Ce sont des questions de sens : Qu’est-ce qui a du sens et qu’est-ce qui n’en a pas ?
Gestation pour Autrui (G.P.A.) : des personnes disent que c’est un non-sens, d’autres disent
que cela a du sens. Par derrière, il y a toute notre représentation de la vie.
Il y a le possible et l’impossible.
Les biologistes sont des chercheurs et non des apprentis sorciers. Ils sont beaucoup plus
inquiets et porteurs de questions que nous pouvons le croire. Il arrive qu’ils arrêtent leur
recherche en se disant : je préfère ne pas aller plus loin. Certains changent de métier.
Qu’est-ce que nous voulons faire ? Où voulons-nous aller ?
Il y a la question de responsabilité. Qui est responsable ? Qui prend les décisions ?
Qui répond de quoi ? Et à qui ?
Différence entre éthique et morale : éthique : qu’est-ce qu’on va faire de cela ? morale :
différentes positions morales selon la diversité des sensibilités. Nous avons une éducation
morale : nous avons appris des valeurs de nos parents, dans lesquelles nous faisons le tri. La
morale est du côté des valeurs, des principes et des règles auxquels on tient. On a la morale de
son histoire personnelle.
Déontologie : dans chaque profession, il y a une sorte de règlement intérieur.
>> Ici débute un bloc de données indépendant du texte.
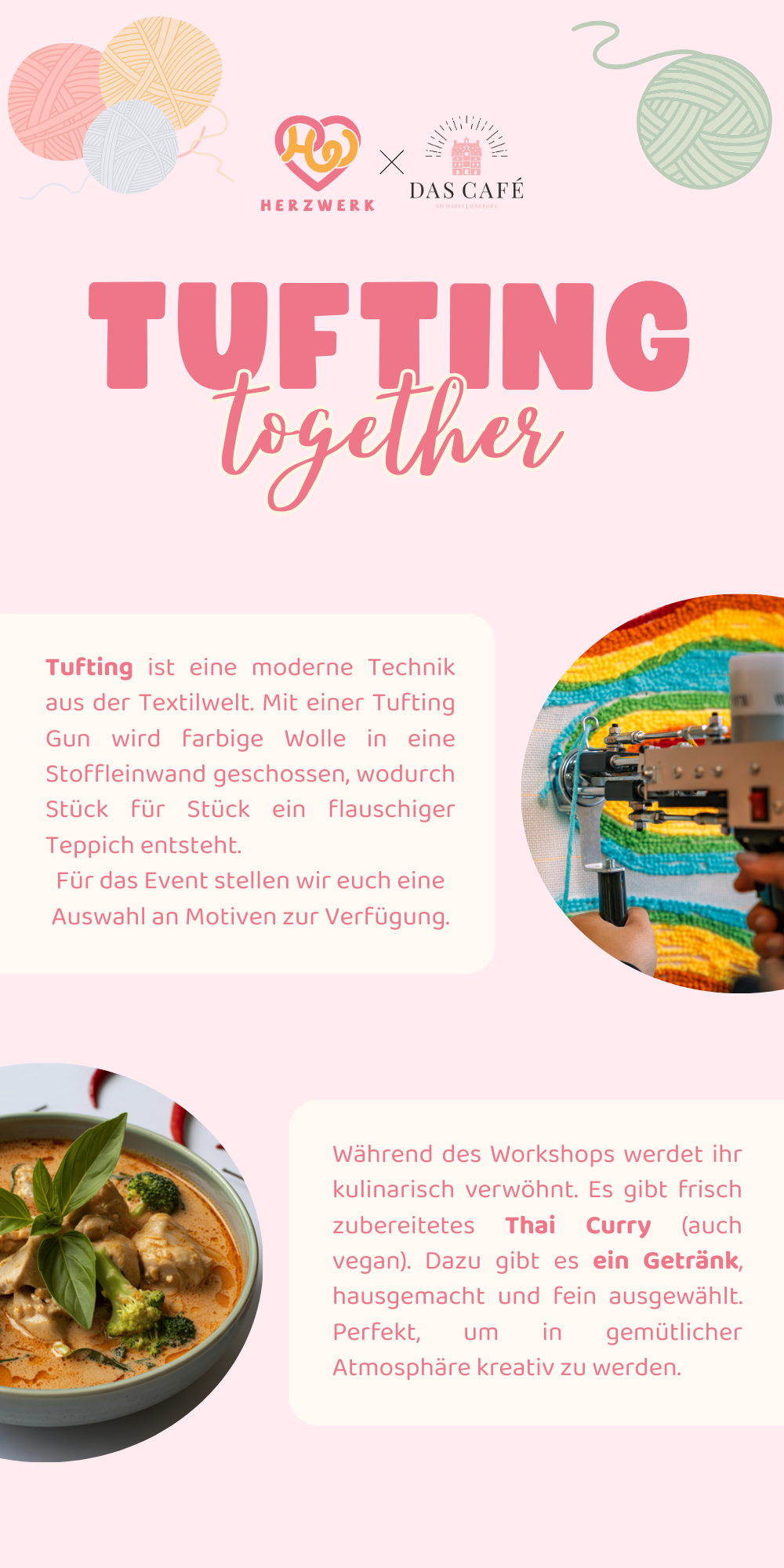 Während des Events erklären wir euch Schritt für Schritt, wie das Tuften funktioniert. Ihr benötigt keinerlei Vorkenntnisse oder eigenes Material. Alles wird von uns bereitgestellt. Wir führen euch durch den Ablauf, legen gemeinsame Essenpausen ein und sorgen dafür, dass ihr euren Teppich entspannt anfertigen könnt.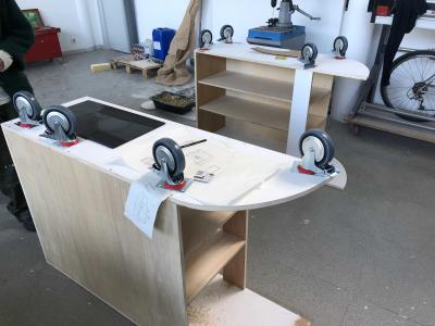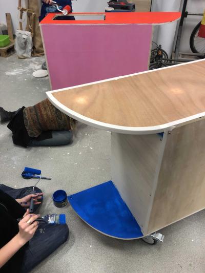 À partir de l’absence d’un lieu dédié à la cuisine au sein de l’école, les étudiant·es ont été invité·es à concevoir et fabriquer collectivement une cuisine mobile. Pensée comme un dispositif activable, elle a permis de questionner l’échelle des formes et des infrastructures conviviales.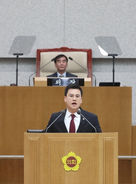 [금요저널] 경기도의회 건설교통위원회 유형진 의원은 26일 제368회 임시회 제2차 본회의에서 5분자유발언을 통해 소독제 시험기준 마련과 관리방안 강화, 소독방식에 대한 경기도 차원의 세부지침 마련 및 관리·감독, 소독제에 대한 호흡기 독성시험기준을 마련할 것을 촉구했다.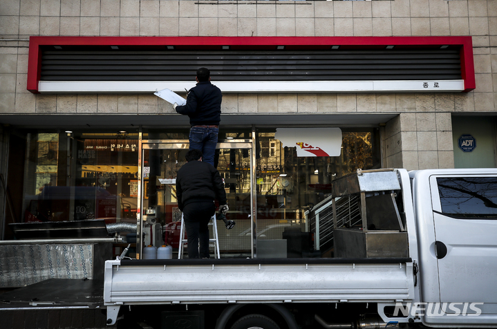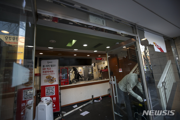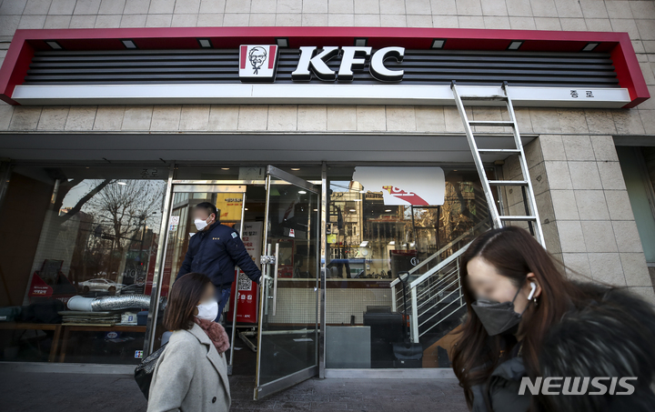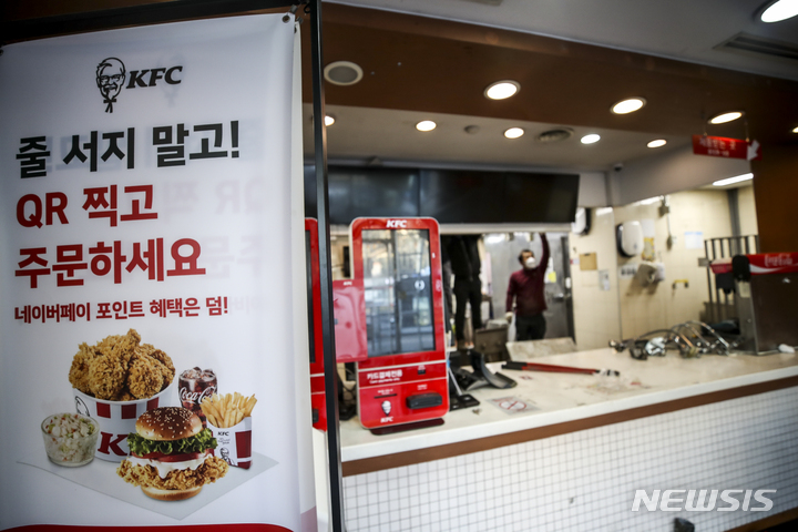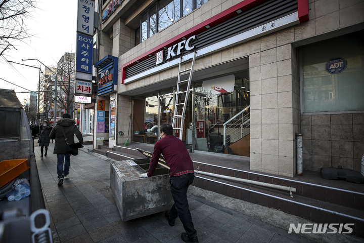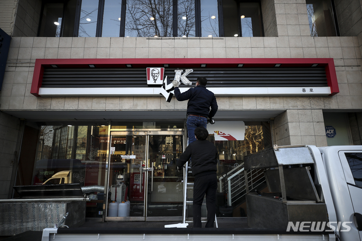 1984年4月に韓国国内で初めて登場したKFC1号店である鍾路店が、オープンから38年目にして営業を終了。写真は3日午前、ソウル市鍾路区のKFC鍾路店で撤去作業が実施されている様子。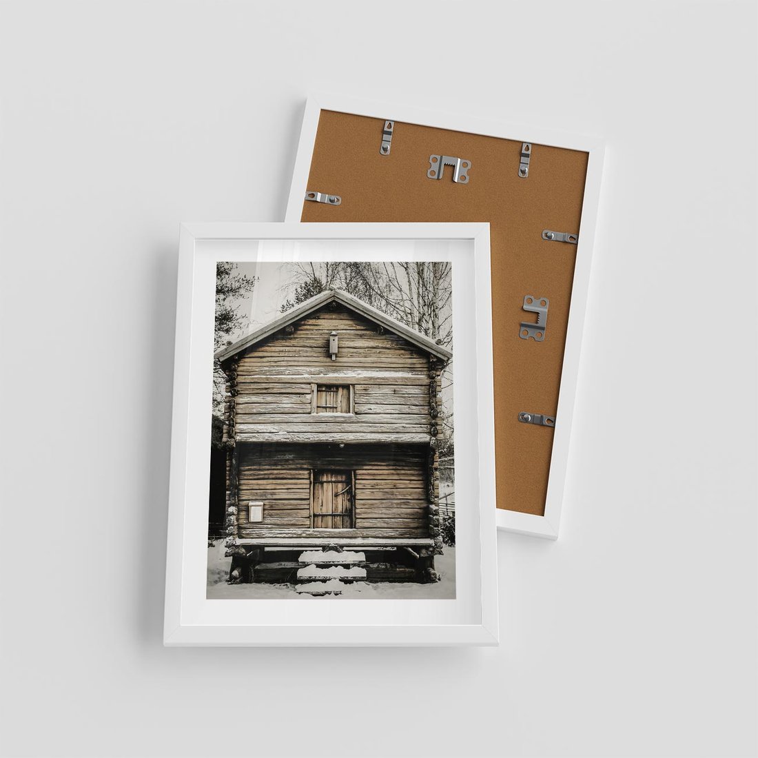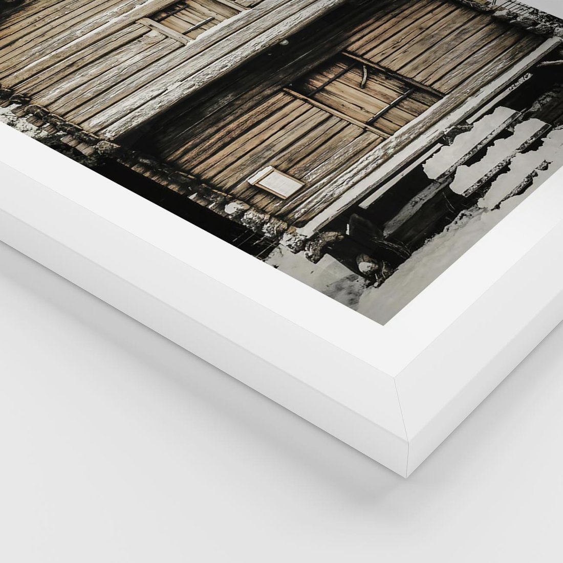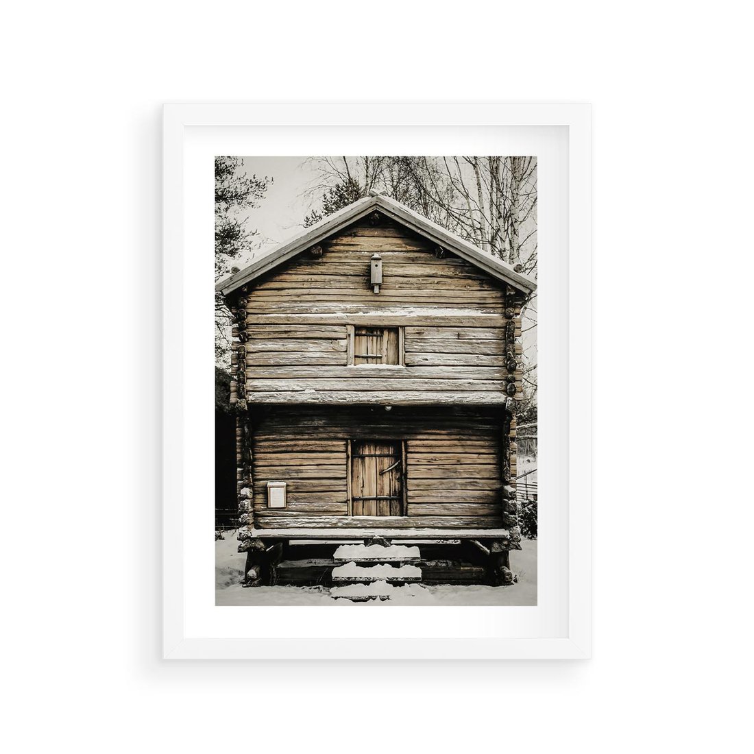 Plakat w ramie 30x40 - Stary Drewniany Dom w Śniegu - stary drewniany dom, zima - rama biała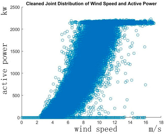 For cleaning process, a typical wind turbine power curve is adopted as a reference. After comparing the observed power curve to the reference, data points which contain negative values for power output are filtered out. Moreover, some bad data points caused by sensor mistakes are also cleaned. The wind turbine power curve from the cleaned dataset is shown in Figure 3.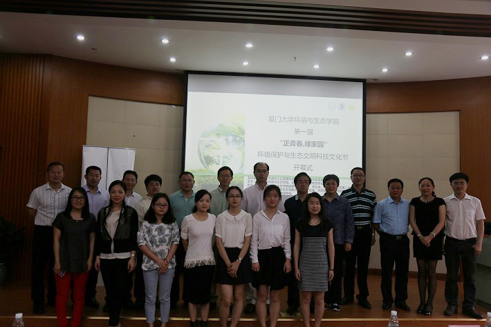 5月27日上午9:00整,环境与生态学院第一届“正青春·绿家园”环境保护与生态文明科技文化节在环境与生态学院B103多功能报告厅正式开幕。厦门市政协人口资源环境委员会副主任蔡加培,关琰珠处长、厦门市环保局纪检组组长师强、厦门市环境宣传教育中心主任余进、中国科学院城市环境研究所研究员于鑫、厦门大学翔安校区党工委副书记、管委会副主任高忠华、学生处副处长、翔安校区学生办主任张清榕、团委副书记、翔安校区团工委书记洪海松、翔安校区教务办王雪燕、医学院党委副书记马龙以及环境与生态学院院长李庆顺、副院长曹文志、党委副书记周克夫和许美霞等出席了开幕式。环境与生态学院,能源学院,新闻传播学院相关的老师和同学们近150人参加了本次活动。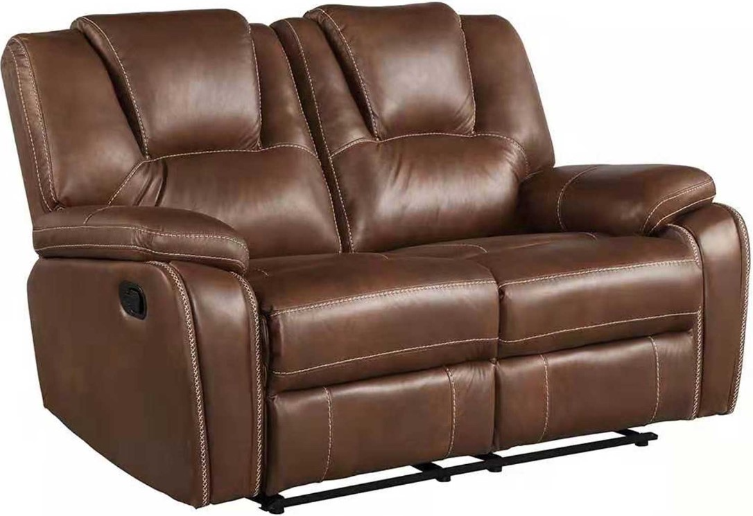 The Katrine Loveseat showcases the best in manual motion upholstery with this dual reclining ensemble. This Loveseat is covered in a luxurious chestnut brown faux-leather that features baseball stitching for an extra special touch.Read More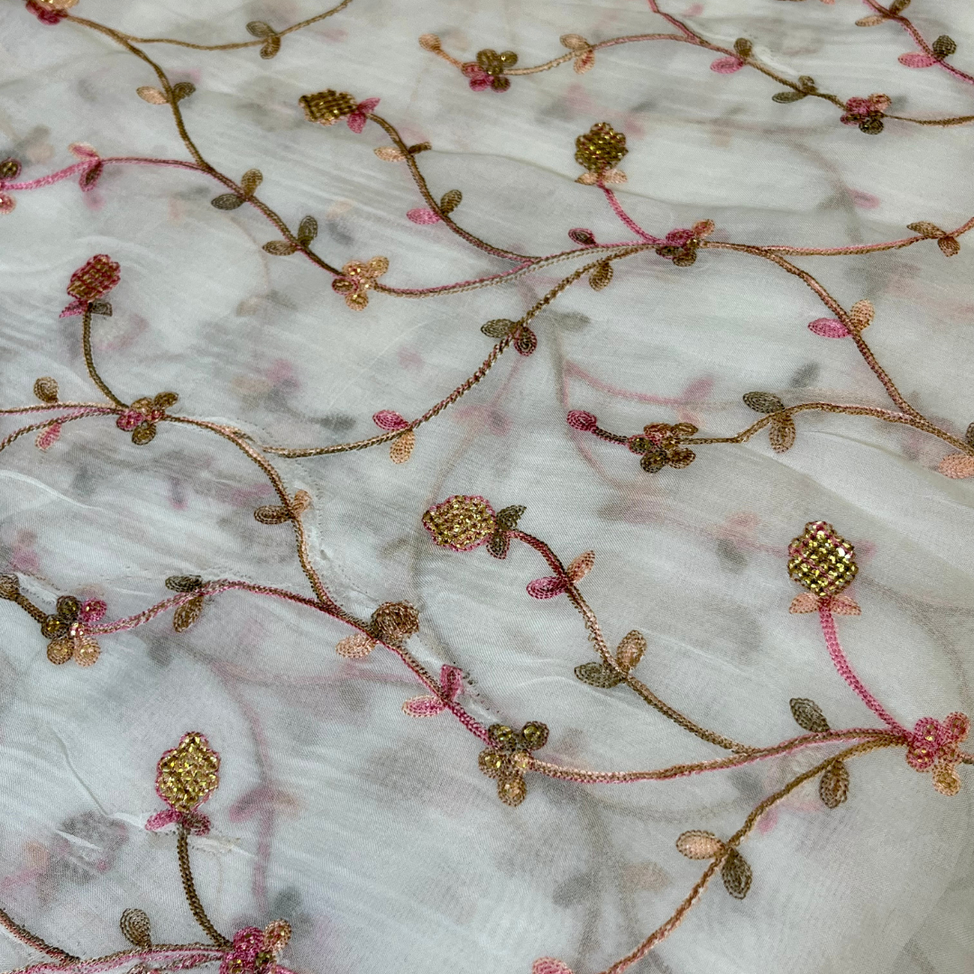 Add a touch of elegance and sparkle with our Organza with Sequin Work, featuring intricate pink and peach-coloured sequins. This premium organza fabric is perfect for creating stunning, eye-catching outfits for special occasions. The delicate sequin work enhances the fabric’s beauty.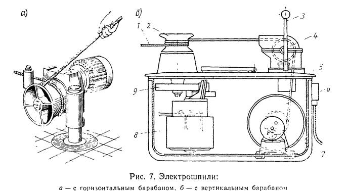 Имеются элекгрошпили со встроенным вспомогательным барабаном для навивки каната (рис. 7,6). В этих конструкциях три-четыре витка тягового каната обвивают фрикционный барабан 2, и через отклоняющий блок 4 канат подается к вспомогательному барабану 6, который приводится в движение вспомогательным двигателем 7 небольшой мощности, снабженным электромагнитным тормозным ycтpoйcтвoм.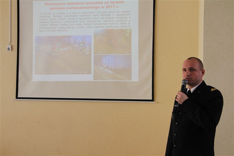 Strażacy z sochaczewskiej komendy min. Zastępca Komendanta Powiatowego PSP w Sochaczewie bryg. Mirosław Gorzki przedstawili informacje na temat najważniejszych zdarzeń, w których uczestniczyli. Zaprezentowano sprawozdanie z działalności, obejmujące zagadnienia operacyjne, kontrolno-rozpoznawcze, logistyczne i finansowe oraz dane statystyczne dotyczące liczby interwencji podejmowanych zarówno przez strażaków Powiatowej Państwowej Straży Pożarnej jak i Ochotniczych Straży Pożarnych. W 2017 roku odnotowano ogółem 1350 zdarzeń, które wymagały interwencji straży, z tego 447 wystąpiło na terenie miasta. 391 razy strażacy wyjechali do pożarów, 834 pomagali w miejscowych zagrożeniach takich jak zdarzenia w komunikacji drogowej, na obszarach wodnych, medyczne, budowlane, czy też będących skutkiem działania sił natury.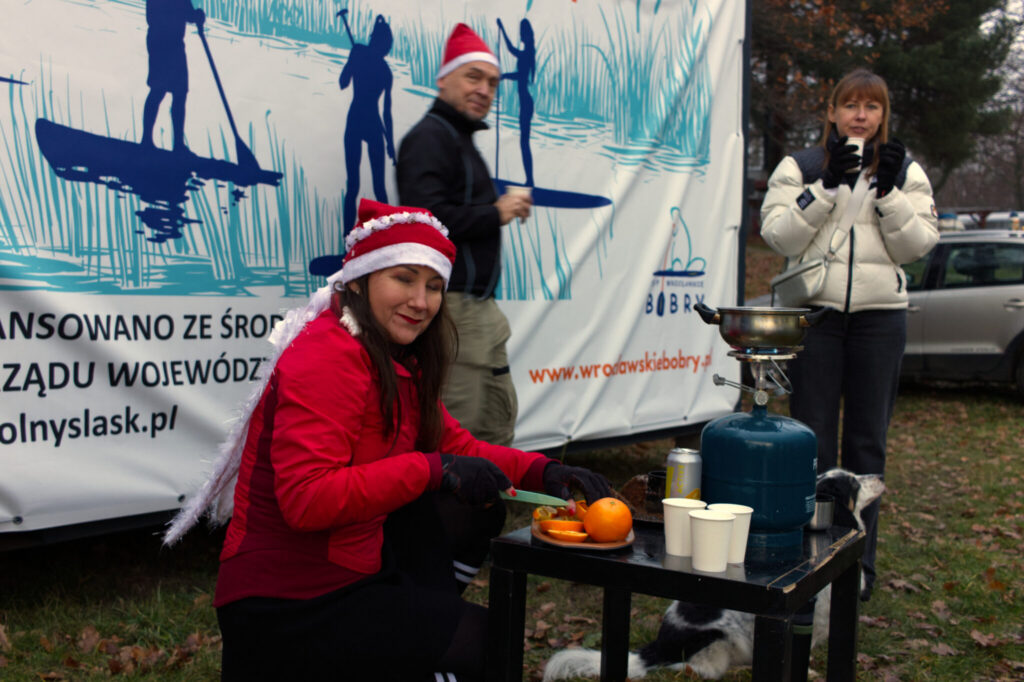 Już od rana Bobrowisko wypełniło się świątecznymi akcentami. Uczestnicy przyszli w mikołajkowych czapkach i innych kreatywnych przebraniach, co dodało całej akcji świątecznego nastroju. Spływ w stronę miasta wyglądał naprawdę efektownie i wzbudzał duże zainteresowanie osób spacerujących nad Odrą.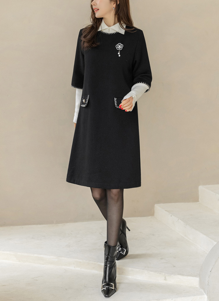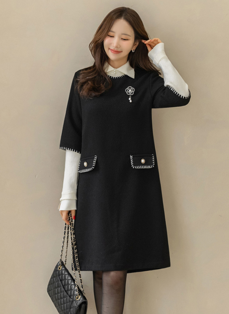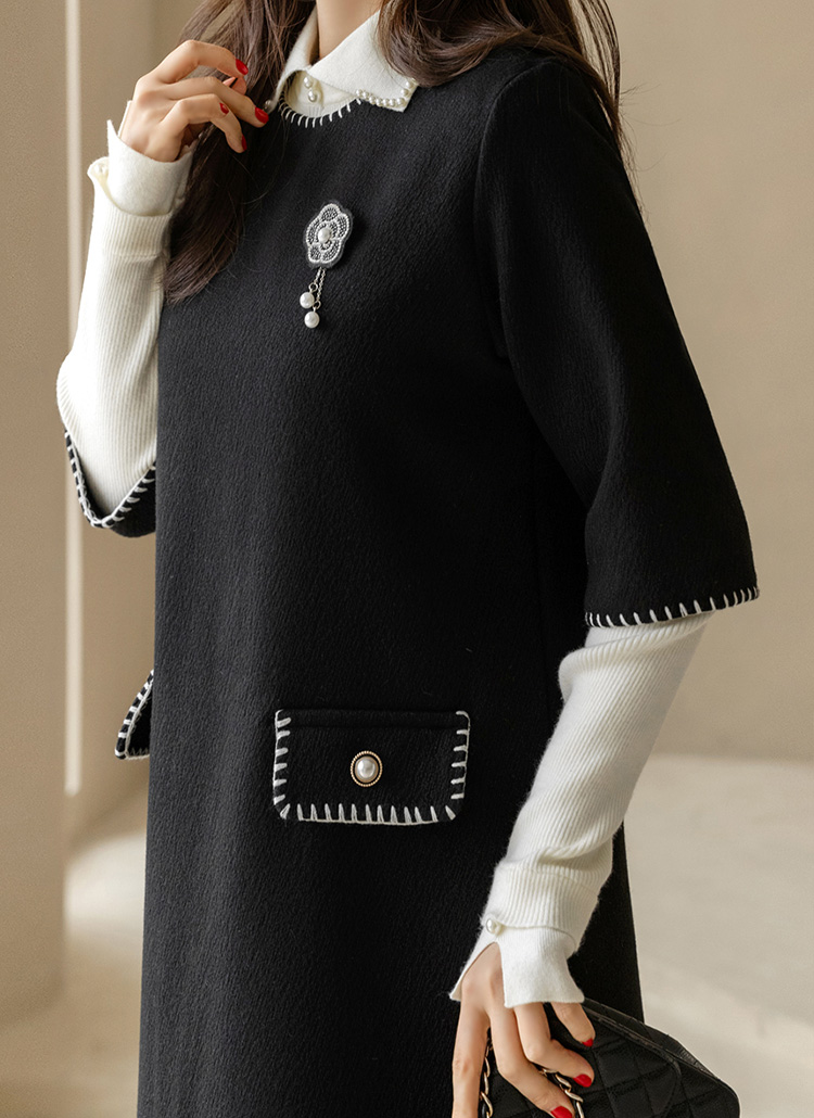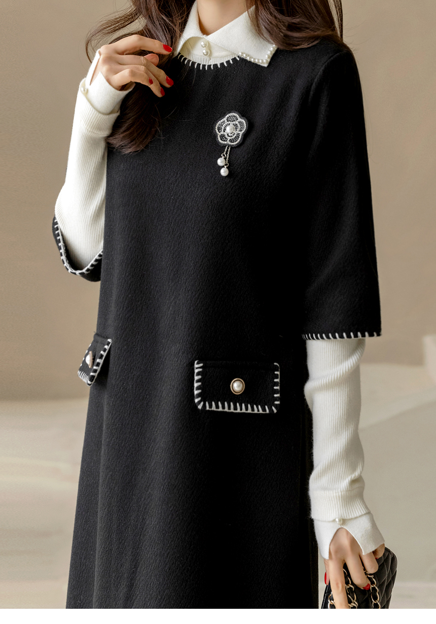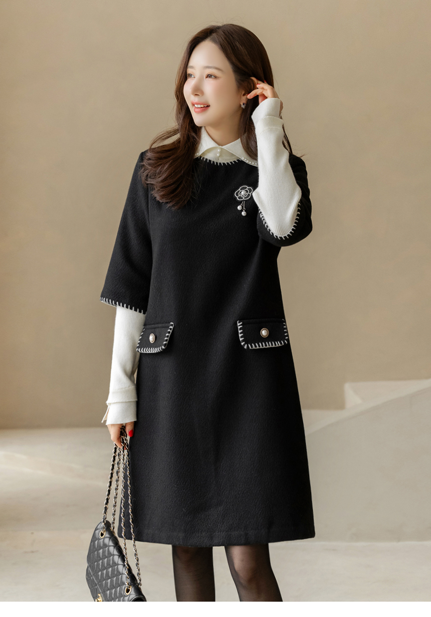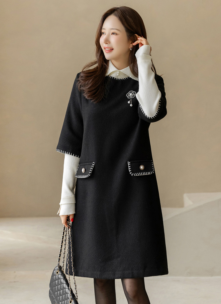 ステッチポイント ウールブレンド 7分袖チュニックワンピース op44200

Dans le monde de la santé, on ne soigne jamais une personne sans son consentement. (on
respecte la personne dans sa conscience).
La déontologie se traduit par des protocoles, des procédures.
Le manque de temps est un vrai problème d’éthique et de morale dans notre société. Pour
faire des économies, on risque de faire des dérapages.
Puis c’est le temps de
l’intervention de
Bruno-Marie Duffé
En éthique et bioéthique, trois attitudes :
- Attitude paternaliste : qui consiste à dire « Je sais ce qui est bon pour vous. » Le père
qui porte l’autre. Pendant des années, les études de médecine formaient à cette
attitude.
- Attitude autonomiste : « Vous savez ce qui est bon pour vous. Qu’est-ce que vous en
pensez ? Qu’est-ce qui serait meilleur pour vous ? » On essaye de solliciter de la
personne quelque chose de l’expression de sa liberté.
- Il faut un peu des deux : attitude dialoguée (d’Edgar Morin) : cherchons ensemble ce
qui est préférable.
Trois questions permanentes en éthique : trois mots clefs.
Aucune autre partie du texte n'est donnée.